An electrolytic cell for generating electrolyzed water having an inlet through which water from a water supply source flows, an outlet through which water flows out, and a pair of opposed electrodes;
Temperature measuring means for measuring the temperature of water passing through the electrolytic cell;
A controller that calculates the electrical conductivity of water passing through the electrolytic cell and controls the current to the pair of electrodes;
The said control part is an electrolyzed water generating apparatus which calculates the said electrical conductivity based on the temperature of the said temperature measurement means, and determines a target electric current so that it may become a predetermined pH value.
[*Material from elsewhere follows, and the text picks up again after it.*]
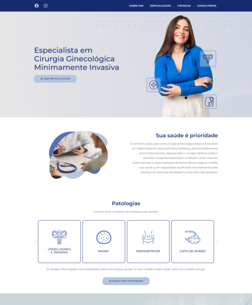 Meu foco não é apenas estética, mas criar estruturas que transmitam credibilidade, organizem informações e facilitem a captação de pacientes — sempre respeitando o Código de Ética Médica.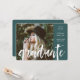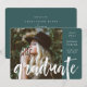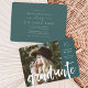 Faire-part de graduation audacieuse et moderne et invitation à la fête comprend votre photo préférée avec "diplômé" superposé à la main style maquillé typographie de brosse. Personnalisez avec le nom du diplômé, l'année de classe et l'école le long du côté droit sur une bande chic de jasper jade vert tonique bijou. Les cartes sont inversées pour révéler les détails de votre fête de remise de diplômes dans des couleurs assorties.

A heating means disposed on the upstream side of the electrolytic cell and heating water flowing into the electrolytic cell;
A heating control unit for controlling the heating means,
The electrolyzed water generating apparatus according to claim 1, wherein the heating control unit sets the temperature of the water to a predetermined temperature by the heating unit.   The electrolyzed water generating apparatus according to claim 1 or 2, wherein a pair of electrodes for measuring electric conductivity of water is provided separately from the pair of opposed electrodes.